Though there was some talk about the Hillcrest Business Improvement Association taking control of Uptown Partnership’s duties, Nicholls said he no longer views that as a viable option should the partnership be dissolved.

“The business association has voted and taken a position that we want to see a different management structure” for Uptown Partnership, Nicholls said. “We could certainly do it, but I don’t think it’s the best thing. The best thing would be a board of directors that represents the community that they claim to represent, and that proportionately represent their community … not handpicked people every time.”

Gloria said he believes that there is an overall need for Uptown Partnership to continue, whether it is run by paid staff or volunteers.

“I believe there is a great deal of value in what Uptown Partnership does,” Gloria said. “I don’t believe it’s in the community’s interest to eliminate Uptown Partnership or to break it into smaller piece such that it’s not capable financially of doing anything.”

Hillcrest gets close to 200 new parking spaces
While Uptown Partnership works to restructure itself in the hope of securing additional funding, 187 new parking spaces have been freed up for use on nights and weekends in the Department of Motor Vehicles parking lot on Normal Street.

A $1-per-hour fee will be collected and used for ongoing maintenance to the site.

Use of the space was secured by Councilmember Gloria and state Sen. Christine Kehoe. Gloria recently helped secure 32 new parking spaces in the lot adjacent to the long-shuttered Pernicano’s restaurant on Sixth Avenue.

“As it became clear that a parking structure is not financially viable for Hillcrest, my approach to this has been looking at our existing inventory,” Gloria said. “We have a series of parking lots that are not utilized or underutilized. The DMV, Pernicano’s, the AT&T parking lot, the post office and the future library site all have surface parking lots with a number of spaces that, in each of those cases, were not available to the general public.

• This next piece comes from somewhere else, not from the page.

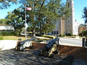 Part of Fort George City Park in Pensacola, Escambia County, Florida. A partial reconstruction displays a short section of wall with two cannons mounted above.

In each of those cases we’ve systematically gone though working with individual property owners to open them up to the community.”

Gloria said the DMV still intends to redevelop the property in the future, which could mean an eventual reduction or elimination of those spaces.

“All the more reason to take advantage of this [parking] now,” he said.

Wilson said he feels Councilmember Gloria has been doing the job which Uptown Partnership was tasked with.

“Todd Gloria, in less than a year, negotiated a deal with the DMV, with Pernicano’s … because he focused on it—and they didn’t have to give him $10 million,” he said.